Этот хриплый голос, судя по всему, принадлежал совсем уже древней старухе, однако Корэмицу он почему‑то показался знакомым.

Женщины, не привыкшие к подобным неожиданностям, всполошились. И в самом деле, в дом неведомо как проник мужчина в охотничьем платье, держится учтиво... А что, если это лис или другой какой оборотень?

Но Корэмицу, приблизившись, сказал:

– Я желал бы получить точные сведения. Ежели чувства вашей госпожи за это время не изменились, мой господин изъявляет готовность поддерживать с ней прежние отношения. Проезжая сейчас мимо, он не мог не остановиться у вашего дома. Так что мне прикажете ему доложить? Уверяю вас, вам нечего бояться.

Засмеявшись, женщина отвечала:

– Когда б чувства госпожи переменились, она вряд ли осталась бы жить в этих диких зарослях. Да вы ведь и сами видите... Так и доложите своему господину. Даже мы, немало повидавшие на своем веку, не устаем удивляться, на нее глядя, – право, в целом свете не сыскать ей подобной.

Опасаясь, что разговор слишком затянется, ибо дама оказалась словоохотливой и готова была долго еще рассказывать о вещах, о которых ее вовсе и не спрашивали, Корэмицу прервал ее:

– Хорошо, хорошо, я передам. – И с этими словами вышел.

– Отчего ты так задержался? – недоумевал Гэндзи. – Право, в этих зарослях полыни не осталось ничего от прошлого.

– Да, это так, – отвечал Корэмицу. – Даже людей удалось отыскать с трудом. Там тетка Дзидзю, старуха по прозванию Сёсё, я ее узнал по голосу.

Выслушав его рассказ, Гэндзи едва не заплакал от жалости. «Как должна была она страдать все эти годы, живя в таких зарослях! А я даже не удосужился ее навестить», – подумал он, впервые почувствовав себя виноватым.

Но что же делать? Мне нелегко будет поддерживать с ней тайные отношения, и вряд ли когда‑нибудь представится другой такой случай... Если она по‑прежнему... Впрочем, скорее всего так оно и есть, на нее это очень похоже!..

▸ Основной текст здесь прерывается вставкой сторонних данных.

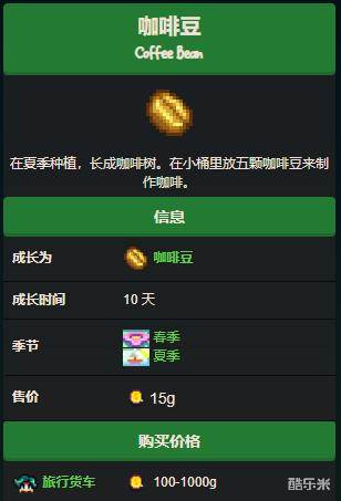 生长咖啡会进行几个阶段的生长,在第10天的时候就会结出咖啡豆的果实,然后会每隔两天结一次果,每次一株可以收获4颗咖啡豆,也会有一定的概率获得更多的咖啡豆,并且在春季和夏季可以一直收获,不用重新种植。所以说玩家可以在春季进行大面积的种植,然后收获大量的咖啡豆,这样在其他的季节也可以酿成咖啡来喝。

Входить без предупреждения показалось ему неучтивым. Лучше всего было известить ее о своем появлении изящной запиской, но, если она не изменилась и в этом отношении, гонцу придется слишком долго ждать ответа. И Гэндзи отказался от этой мысли.

Тут Корэмицу говорит:

– Вы вряд ли сможете пройти, ведь полынь вся в роса Не изволите ли подождать, пока я стряхну ее...

 

– Я пришел сюда сам,

Чтоб узнать, осталось ли прежним

Сердце твое

В зарослях буйной полыни,

Заглушившей тропинки в саду, –

 

произносит Гэндзи, ни к кому не обращаясь, и все‑таки выходит из кареты. Корэмицу идет впереди, хлыстом стряхивая росу. С веток падают капли, словно мелкий осенний дождь...

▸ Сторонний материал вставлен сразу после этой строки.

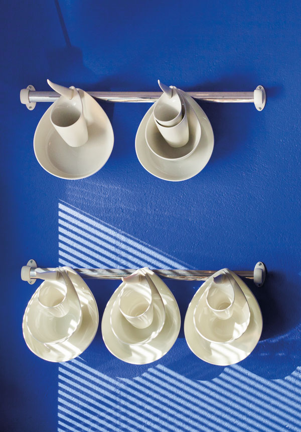 Ná ’n jaar of wat van wik en weeg het Johan besluit om Des se Azul Colonial te probeer in die vergaderkamer by die praktyk wat hy met sy vennoot, wyle Louis Louw, gedeel het. “Dit het ongelooflik goeie reaksie ontlok,” onthou hy, en só is die saadjie geplant om ook in die kubistiese Kaapse vakansiehuis wat hulle self ontwerp en in 2002 laat bou het, met die kleur te eksperimenteer.

– Я взял с собой зонт, – говорит Корэмицу, – «роса падает с листьев куда обильней дождя...».

У Гэндзи подол платья промок до нитки. Срединные ворота, которые и раньше едва держались, бесследно исчезли, в доме царило унылое запустение, и Гэндзи порадовался, что никто его не видит.

«Значит, я все‑таки не зря ждала его?» – подумала дочь принца, и сердце ее сильно забилось. Но могла ли она предстать перед ним в столь неприглядном обличье? Платье, которое подарила ей супруга Дадзай‑но дайни, она распорядилась убрать, даже не взглянув на него, ибо слишком велика была ее неприязнь к дарительнице. С тех пор оно так и лежало в китайском ларце для благовоний. Это платье, источавшее чудесное благоухание, и поднесли теперь дамы своей госпоже. Поколебавшись, она все‑таки надела его и села за уже знакомый нам засаленный занавес... Тут вошел и Гэндзи.

– Мы не виделись с вами все эти долгие годы, – говорит он, – но чувства мои не изменились, я постоянно помнил о вас. Удрученный вашим упорным молчанием, которое вполне можно было принять за нежелание сообщаться со мной, я решил выждать, дабы испытать вашу привязанность. Но, заметив сегодня эти деревья, пусть и непохожие на криптомерии, не смог пройти мимо. Так что первый шаг сделал все‑таки я, этого вы не можете отрицать.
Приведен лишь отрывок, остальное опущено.